Here is a query that should run on either system, and won't cause an error if Table2Id is not unique in Table1. It will return "duplicate" rows in that case, where the only difference is the source of the Table1.Column value:
SELECT Table2.*, Table1.Column AS tmp
FROM Table1
INNER JOIN Table2 ON Table1.Table2Id = Table2.Id
WHERE Table1.Column = 1
Perhaps if you shared what you were trying to accomplish we could help you write a query that does it.
SELECT *
FROM (
SELECT t.*,
(
SELECT Table1.Column
FROM Table1
INNER JOIN
Table2
ON Table1.Table2Id = Table2.Id
) as tmp
FROM Table2 t
) q
WHERE tmp = 1
This is valid syntax, but it will fail (both in MySQL and in SQL Server) if the subquery returns more than 1 row
What exactly are you trying to do?
Please provide some sample data and desired resultset.
I agree with Joel's solution but I want to discuss why your query would be a bad idea to use (even though the syntax is essentially valid). This is a correlated subquery. The first issue with these is that they don't work if the subquery could possibly return more than one value for a record. The second and more critical problem (in my mind) is that they must work row by row rather than on the set of data. This means they will virtually always affect performance. So correlated subqueries should almost never be used in a production system. In this simple case, the join Joel showed is the correct solution.
If the subquery is more complicated, you may want to turn it into a derived table instead (this also fixes the more than one value associated to a record problem). While a derived table looks a lot like a correlated subquery to the uninitated, it does not perform the same way because it acts on the set of data rather than row-by row and thus will often be significantly faster. You are essentially making the query a table in the join.

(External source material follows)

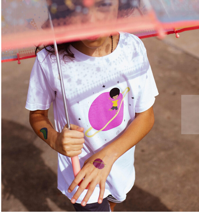
Camiseta "Saturno Play"

Below is an example of your query re-written as a derived table. (Of course in production code you would not use select * either especially in a join, spell out the fields you need)
SELECT *
FROM Table2 t2
JOIN
(SELECT Table1.[Column], Table1.Table2Id as tmp
FROM Table1
INNER JOIN Table2 ON Table1.Table2Id = Table2.Id ) as t
ON t.Table2Id = Table2.Id
WHERE tmp = 1
You've already got a variety of answers, some of them more useful than others. But to answer your question directly:
No, SQL Server will not allow you to reference the column alias (defined in the select list) in the predicate (the WHERE clause). I think that is sufficient to answer the question you asked.
Additional details:
(this discussion goes beyond the original question you asked.)
As you noted, there are several workarounds available.

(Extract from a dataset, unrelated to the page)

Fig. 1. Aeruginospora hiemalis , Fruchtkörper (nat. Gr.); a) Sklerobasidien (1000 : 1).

Most problematic with the query you posted (as others have already pointed out) is that we aren't guaranteed that the subquery in the SELECT list returns only one row. If it does return more than one row, SQL Server will throw a "too many rows" exception:
Subquery returned more than 1 value.
This is not permitted when the subquery
follows =, !=, , >= or when the
subquery is used as an expression.
For the following discussion, I'm going to assume that issue is already sufficiently addressed.
Sometimes, the easiest way to make the alias available in the predicate is to use an inline view.
SELECT v.*
FROM ( SELECT *
, (SELECT Table1.Column
FROM Table1
JOIN Table2 ON Table1.Table2Id = Table2.Id
WHERE Table1.Column = 1
) as tmp
FROM Table2
) v
WHERE v.tmp = 1
Note that SQL Server won't push the predicate for the outer query (WHERE v.tmp = 1) into the subquery in the inline view. So you need to push that in yourself, by including the WHERE Table1.Column = 1 predicate in the subquery, particularly if you're depending on that to make the subquery return only one value.
That's just one approach to working around the problem, there are others. I suspect that query plan for this SQL Server query is not going to be optimal, for performance, you probably want to go with a JOIN or an EXISTS predicate.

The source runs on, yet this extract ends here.